*** SUPPLIED MATERIAL Section Begins ***

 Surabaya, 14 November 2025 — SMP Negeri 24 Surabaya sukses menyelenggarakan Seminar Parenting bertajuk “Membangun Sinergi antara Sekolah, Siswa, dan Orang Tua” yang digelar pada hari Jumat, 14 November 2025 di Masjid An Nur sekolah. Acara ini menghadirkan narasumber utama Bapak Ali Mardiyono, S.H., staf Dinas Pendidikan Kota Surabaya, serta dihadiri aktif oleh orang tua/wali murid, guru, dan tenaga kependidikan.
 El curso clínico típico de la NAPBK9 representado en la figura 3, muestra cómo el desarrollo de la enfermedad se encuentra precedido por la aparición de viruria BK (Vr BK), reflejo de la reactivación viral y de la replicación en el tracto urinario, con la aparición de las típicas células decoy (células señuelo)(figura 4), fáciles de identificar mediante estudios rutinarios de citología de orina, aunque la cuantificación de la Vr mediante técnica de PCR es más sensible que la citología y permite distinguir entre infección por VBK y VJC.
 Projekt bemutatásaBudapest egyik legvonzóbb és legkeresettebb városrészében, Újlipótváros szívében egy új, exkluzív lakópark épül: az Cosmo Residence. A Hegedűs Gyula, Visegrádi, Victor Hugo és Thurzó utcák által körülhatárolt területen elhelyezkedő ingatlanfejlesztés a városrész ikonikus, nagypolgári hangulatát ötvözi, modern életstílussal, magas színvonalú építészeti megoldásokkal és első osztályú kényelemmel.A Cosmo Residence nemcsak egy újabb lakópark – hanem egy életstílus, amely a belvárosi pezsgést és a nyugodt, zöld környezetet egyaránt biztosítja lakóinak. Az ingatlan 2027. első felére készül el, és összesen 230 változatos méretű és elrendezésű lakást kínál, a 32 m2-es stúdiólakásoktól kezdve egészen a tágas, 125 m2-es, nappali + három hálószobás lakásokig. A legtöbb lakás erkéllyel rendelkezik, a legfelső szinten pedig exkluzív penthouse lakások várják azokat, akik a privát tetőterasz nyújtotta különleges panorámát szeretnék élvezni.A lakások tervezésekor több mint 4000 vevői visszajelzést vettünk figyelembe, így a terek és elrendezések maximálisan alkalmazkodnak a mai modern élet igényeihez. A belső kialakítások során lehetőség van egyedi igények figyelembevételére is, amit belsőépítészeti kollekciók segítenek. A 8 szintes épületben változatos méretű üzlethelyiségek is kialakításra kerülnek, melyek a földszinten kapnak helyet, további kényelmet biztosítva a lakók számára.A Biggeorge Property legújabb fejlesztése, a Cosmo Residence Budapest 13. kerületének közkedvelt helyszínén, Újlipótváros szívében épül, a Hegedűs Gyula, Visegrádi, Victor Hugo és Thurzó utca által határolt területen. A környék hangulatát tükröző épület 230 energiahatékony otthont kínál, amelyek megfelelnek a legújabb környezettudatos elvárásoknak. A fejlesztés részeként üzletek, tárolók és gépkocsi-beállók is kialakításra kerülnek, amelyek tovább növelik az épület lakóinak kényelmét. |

*** SUPPLIED MATERIAL Section Ends ***
*** SUPPLIED MATERIAL Section Begins ***

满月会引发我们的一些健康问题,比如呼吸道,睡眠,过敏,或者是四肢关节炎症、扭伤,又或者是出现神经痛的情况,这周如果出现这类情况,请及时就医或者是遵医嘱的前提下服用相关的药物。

*** SUPPLIED MATERIAL Section Ends ***

Everything from the line with "Surabaya, 14 November" through the line with "El curso clínico" should be written out exactly as it appears above, end lines included, and nothing outside that range.

 Surabaya, 14 November 2025 — SMP Negeri 24 Surabaya sukses menyelenggarakan Seminar Parenting bertajuk “Membangun Sinergi antara Sekolah, Siswa, dan Orang Tua” yang digelar pada hari Jumat, 14 November 2025 di Masjid An Nur sekolah. Acara ini menghadirkan narasumber utama Bapak Ali Mardiyono, S.H., staf Dinas Pendidikan Kota Surabaya, serta dihadiri aktif oleh orang tua/wali murid, guru, dan tenaga kependidikan.
 El curso clínico típico de la NAPBK9 representado en la figura 3, muestra cómo el desarrollo de la enfermedad se encuentra precedido por la aparición de viruria BK (Vr BK), reflejo de la reactivación viral y de la replicación en el tracto urinario, con la aparición de las típicas células decoy (células señuelo)(figura 4), fáciles de identificar mediante estudios rutinarios de citología de orina, aunque la cuantificación de la Vr mediante técnica de PCR es más sensible que la citología y permite distinguir entre infección por VBK y VJC.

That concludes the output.